Java Coded Character Set

Source: Internet
Author: User
Tags aliases

Java Coded Character Set

@author Ixenos

    1. 1. Character Set

a) the character set establishes a mapping between a sequence of two-byte Unicode symbols and a sequence of bytes using local character encoding.

b) in order to be compatible with other names, each character set has many aliases , and the aliases method of the CharSet object can return a set object composed of aliases

I. set<string> aliases = charset.aliases ();

II. for (String alias:aliases) {...}

III. you can use aliases to get Charset objects : Charset Charset =class.forname ("UTF-8")

C

 Jim Liu
Links: https://www.zhihu.com/question/50356029/answer/120608944
Source: Know
Copyright belongs to the author, please contact the author for authorization.

TL;DR
Character Set:A number of characters are included and indexed.
character encoding: A numbered index in a character set that uses the technical requirements and formats that the computer can handle (usually in bytes) to do the binary implementation.
----Split Line----
GB2312is a character set and is also a character encoding, which contains about thousands of characters.
GB18030Is the character set, which is also the encoding of theGB2312A huge extension that contains about 70,000 + characters.
The above two are GB
GBKIs Microsoft toGB2312The extension, compatibleGB2312(and GB18030 is not perfect compatible with GBK), GBK is not GB.
----Split Line----
UnicodeIs the "Universal Code" character set, and it is also a very simple code, but few programs will directly use this code.
More programs will useUnicode Transform Format/utfCoding, the more common isUTF-8AndUTF-16

----Split Line----
Why not support Unicode and build GB18030?
1.Unicode is used all over the world., is subject to ISO, and is very much compromised in English. It is not necessarily the most perfect coding scheme for Chinese characters. For example, UTF-8 encoding means most Chinese characters require 3 bytes, while GB18030 encoding most Chinese characters require only 2 bytes.
2, GB18030 is perfectly compatible with GB2312, which is very good for legacy system compatibility in Chinese environment. According to Wikipedia, Unicode only included Chinese characters in 1992, and the 1993 Unicode version of 1.1 included the same amount as GB18030, while GB2312 began to spread as early as 80. Not that we are not compatible with Unicode, but that Unicode is incompatible with us. For GB18030, he took on the role of extended GB2312, not simply making wheels to make the standard differentiation can be explained. Windows introduced the GBK in 1995 and it is perfectly compatible with GB2312. In that era, the Internet is not as well developed as today, according to different language environment to choose a cost-effective coding scheme, or understandable.

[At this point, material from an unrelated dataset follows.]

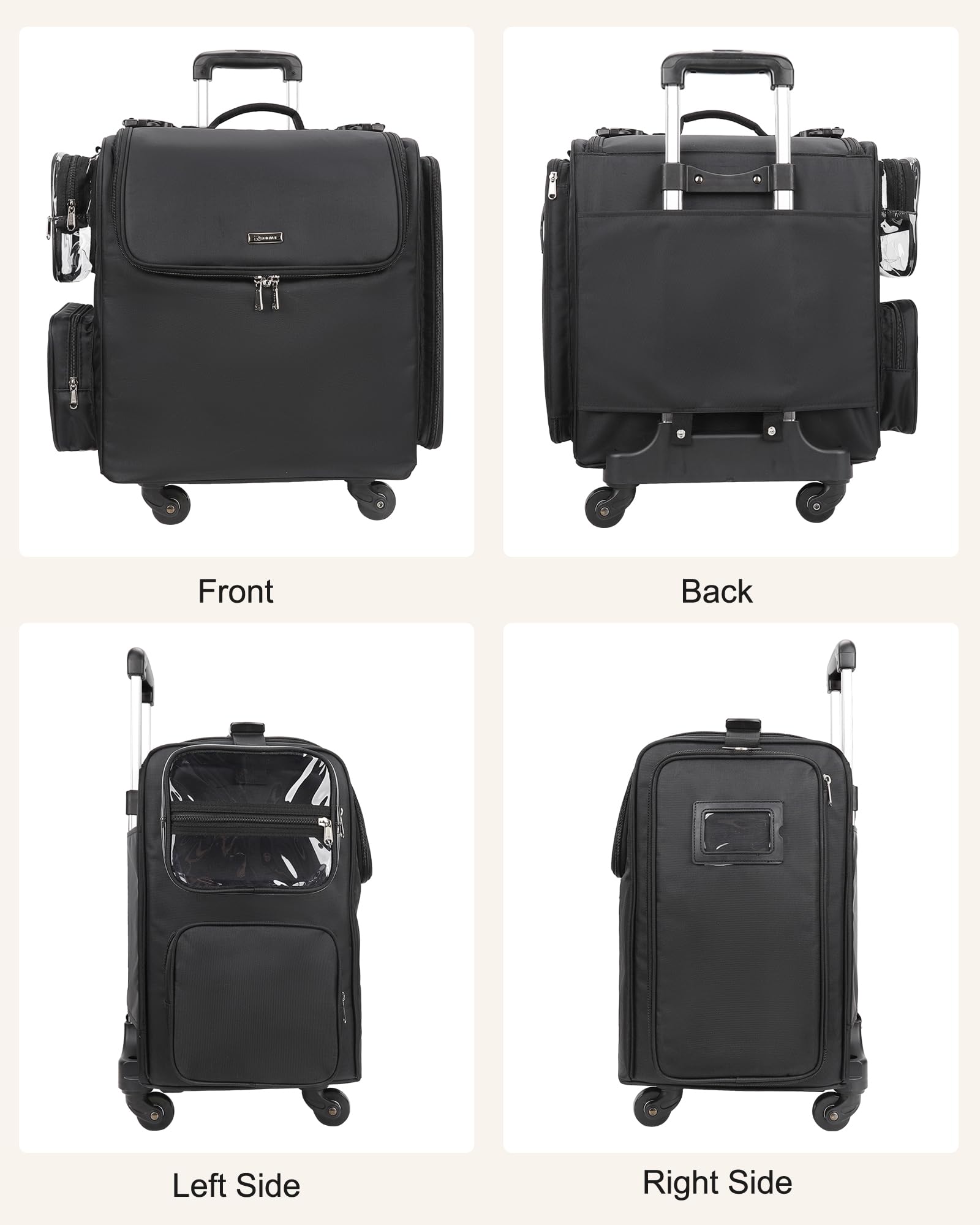 - Multi-Compartment and Large Capacity: With 6 Pcs clear makeup bags for hair accessories, can be used in combination. Pockets inside and outside, a special clear pocket for tissue for easy access. Lockable double zippers and card holder. The cosmetology case on wheels has a large capacity, which can meet the storage needs of a professional hairstylist.

d) Local encoding mode cannot represent all Unicode characters, and if a character cannot be displayed, it will be converted to "? ".

e) once you have a character set , you can convert between a Java string (a Unicode code element) and a sequence of bytes (encoded)

I. coding (verb encode) Example of a Java string, which translates to a byte array, one or two or three or four bytes representing the character encoding (noun)

II. String str = "...";

III. Bytebuffer buffer = Charset.encode (str);//encode the string using the corresponding character set to return the Bytebuffer object

Iv. byte[] bytes = Buffer.array (); Remove the byte array from the object

V. To decode a byte sequence , you naturally need a byte buffer (Bytebuffer) object, using the static method of Bytebuffer wrap to convert a byte array into a buffer of a Bytebuffer object

vi. byte[] bytes = ...;

VII. Bytebuffer BBUF = bytebuffer.wrap (bytes,offset, length);

Viii. Charbuffer cbuf = Charset.decode (BBUF);//Return Charbuffer Object

IX. String str = cbuf.tostring ();

Extended reading :

Is it related to Unicode on GB18030 root?

Coding Crooked Biography--Basic article

Coding Crooked Biography--web

Code Crooked Biography--The external chapter

Java Coded Character Set

Related Article

Contact Us

The content source of this page is from Internet, which doesn't represent Alibaba Cloud's opinion; products and services mentioned on that page don't have any relationship with Alibaba Cloud. If the content of the page makes you feel confusing, please write us an email, we will handle the problem within 5 days after receiving your email.

If you find any instances of plagiarism from the community, please send an email to: info-contact@alibabacloud.com and provide relevant evidence. A staff member will contact you within 5 working days.

A Free Trial That Lets You Build Big!

Start building with 50+ products and up to 12 months usage for Elastic Compute Service

  • Sales Support

    1 on 1 presale consultation

  • After-Sales Support

    24/7 Technical Support 6 Free Tickets per Quarter Faster Response

  • Alibaba Cloud offers highly flexible support services tailored to meet your exact needs.